Abstract
The development of large-scale data sets requires a new means to display and disseminate research studies to large audiences. Knowledge of protein–protein interaction (PPI) networks has become a principle interest of many groups within the field of proteomics. At the confluence of technologies, such as cross-linking mass spectrometry, yeast two-hybrid, protein cofractionation, and affinity purification mass spectrometry (AP–MS), detection of PPIs can uncover novel biological inferences at a high-throughput. Thus new platforms to provide community access to large data sets are necessary. To this end, we have developed a web application that enables exploration and dissemination of the growing BioPlex interaction network. BioPlex is a large-scale interactome data set based on AP–MS of baits from the human ORFeome. The latest BioPlex data set release (BioPlex 2.0) contains 56 553 interactions from 5891 AP–MS experiments. To improve community access to this vast compendium of interactions, we developed BioPlex Display, which integrates individual protein querying, access to empirical data, and on-the-fly annotation of networks within an easy-to-use and mobile web application. BioPlex Display enables rapid acquisition of data from BioPlex and development of hypotheses based on protein interactions.
Keywords: BioPlex, AP–MS, protein interactions, protein complexes, web application, graph display, term enrichment, network communities, data visualization, PHP/MySQL
Graphical Abstract
BACKGROUND
Data visualization for large-scale protein interaction networks has become an important seed for hypothesis generation. Many integrated platforms have been developed to display protein interaction data in formats that enable users to access, interact with, and use these data to their own ends.1–4 The flexibility of these network display platforms provides rapid access to a wealth of biological information with only an Internet browser (no third party software) and minimal user input. Thus data visualization of protein interaction graphs provides a layer of data assimilation that can enhance researchers’ utilization of complex biological network information.

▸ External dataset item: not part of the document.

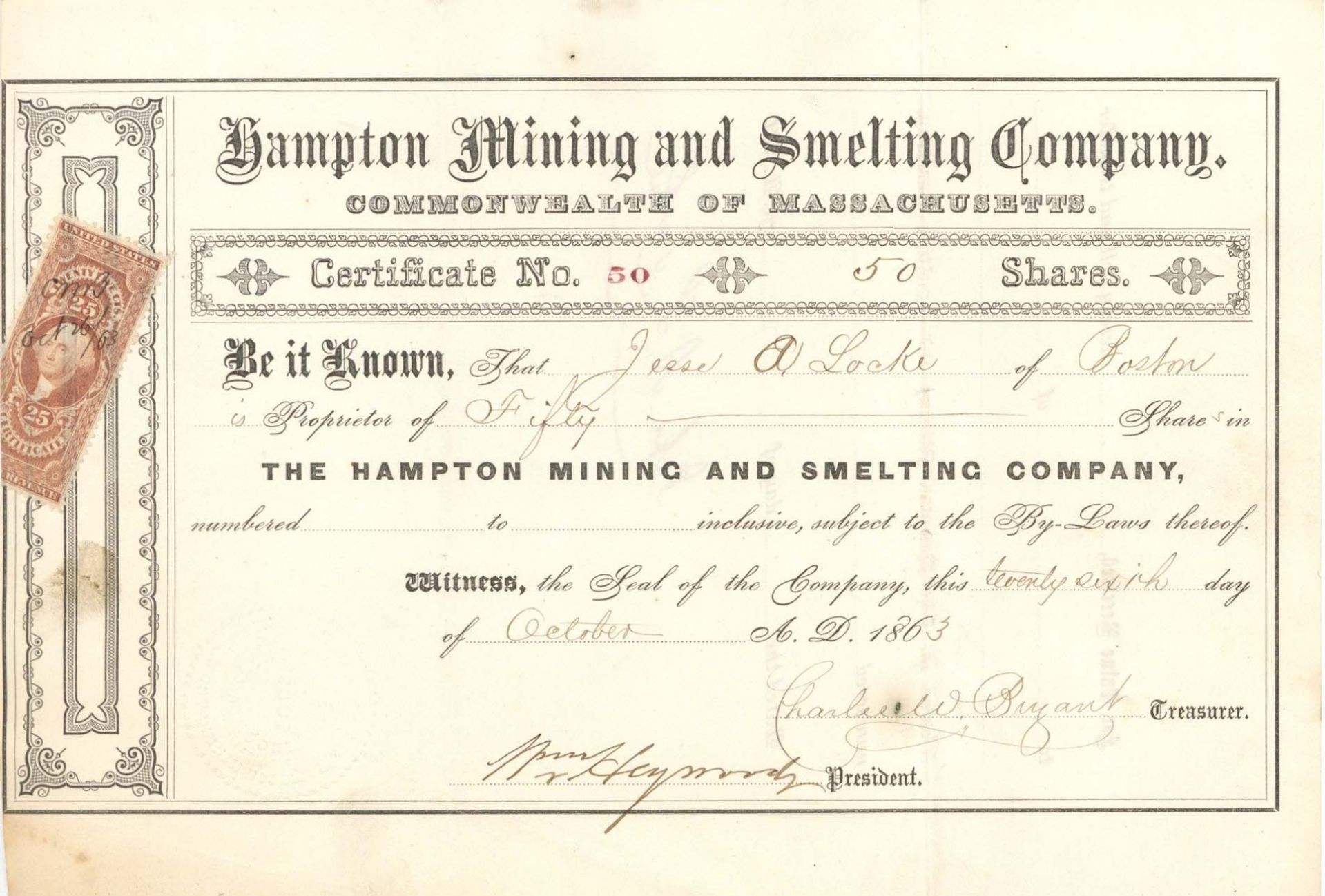 Hampton Mining and Smelting Co. - 1863 or 1865 dated Stock Certificate

To this end, we developed a web application for the display and dissemination of the BioPlex interaction network, termed BioPlex Display. The BioPlex network is the largest set of affinity purification mass spectrometry (AP–MS) experiments ever assembled (with the latest data release consisting of >5891 individual experiments).5,6 The shear amount of data can be cumbersome for individual users to manipulate and interact with on a global scale. Moreover, owing to a need to incorporate data from many different sources, more generic applications often cannot provide multidimensional or experiment-specific details pertaining to large-scale protein interaction efforts, although these data may be abundantly useful for researchers. For BioPlex in particular, no platform existed to provide a unified point of entry to access individual network information, highly interconnected network communities, subthreshold interactions, and experiment specific information, like peptide spectral match (PSM) counts for individual AP–MS experiments. With BioPlex and a need for a multifunctional data distribution utility in mind, we developed BioPlex Display to simplify the process by which researchers are able to interrogate proteins of interest, determine interacting partners, generate graphs, and interact with related information derived from Gene Ontology annotations and the UniProt Knowledgebase.7,8 Initial numbers (e.g., 1089 average, unique users per month) suggest that this tool will be a highly utilized framework for user interaction with the BioPlex project resources.
DESIGN AND IMPLEMENTATION
General Application Information
BioPlex Display was developed as a PHP web application (Figures 1 and 2A). The core modules of the application are built in PHP 5.4 with MySQL for database queries and are run on a Linux virtual machine (Ubuntu 14.04.5 LTS, Apache 2.4.7). Networks are displayed using Cytoscape.js, a JavaScript-based Cytoscape library for graph visualization.9 User selection of a protein of interest from the 11 574 proteins identified in interactions within the BioPlex network will query all relevant data for a protein subnetwork to be displayed (see below). Without further user input, only those interactions for which the probability of interaction was determined to be significant are displayed, although “sub-threshold” interactions can be displayed down to a probability of interaction as low as 0.5.5,6 The web application can be found at: http://bioplex.hms.harvard.edu/bioplexDisplay/. Information for users can be found at the help site within the web application. Lastly, we have implemented a wrapper to allow external queries of BioPlex Display to enable users to easily share networks of interest and to allow other applications to link into BioPlex Display.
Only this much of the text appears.